▶ [Extracted material]
»»

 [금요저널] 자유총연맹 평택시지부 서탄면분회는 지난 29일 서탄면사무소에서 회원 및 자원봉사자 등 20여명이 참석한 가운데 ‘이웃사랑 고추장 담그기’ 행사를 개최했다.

««
»»

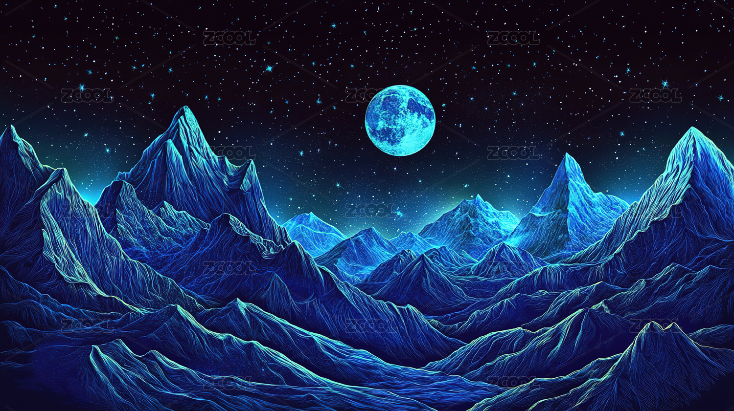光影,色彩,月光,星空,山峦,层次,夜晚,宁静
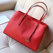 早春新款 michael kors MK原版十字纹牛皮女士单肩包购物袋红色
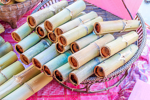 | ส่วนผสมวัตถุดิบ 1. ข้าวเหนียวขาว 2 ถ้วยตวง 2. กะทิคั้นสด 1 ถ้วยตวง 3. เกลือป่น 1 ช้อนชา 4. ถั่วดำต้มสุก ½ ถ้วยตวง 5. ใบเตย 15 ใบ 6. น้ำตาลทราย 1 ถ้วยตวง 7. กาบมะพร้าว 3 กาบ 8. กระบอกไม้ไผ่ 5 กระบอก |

««
»»

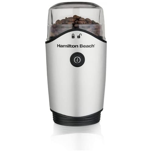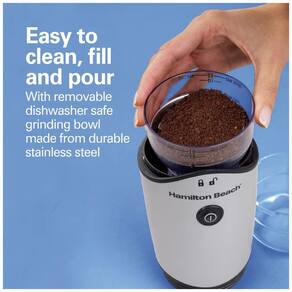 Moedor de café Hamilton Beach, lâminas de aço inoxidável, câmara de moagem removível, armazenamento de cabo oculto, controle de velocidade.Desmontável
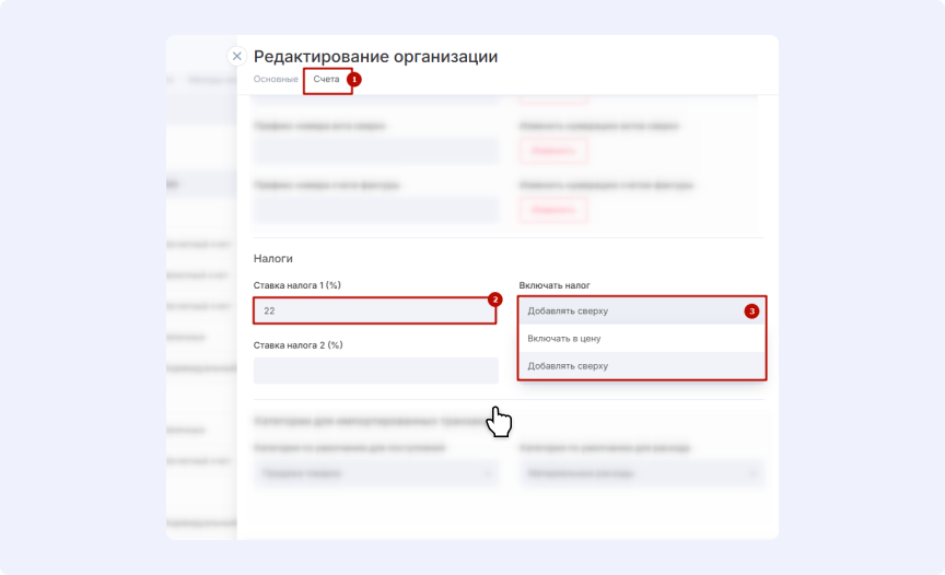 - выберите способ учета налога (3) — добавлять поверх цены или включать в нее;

««

▶ [Exercise details] Because only one stretch of the records is wanted, please output the lines from the one holding "Moedor de café" through the one holding "- выберите способ" exactly, both included, and leave every picture out.

▶ [Result of this task]
 Moedor de café Hamilton Beach, lâminas de aço inoxidável, câmara de moagem removível, armazenamento de cabo oculto, controle de velocidade.Desmontável
 - выберите способ учета налога (3) — добавлять поверх цены или включать в нее;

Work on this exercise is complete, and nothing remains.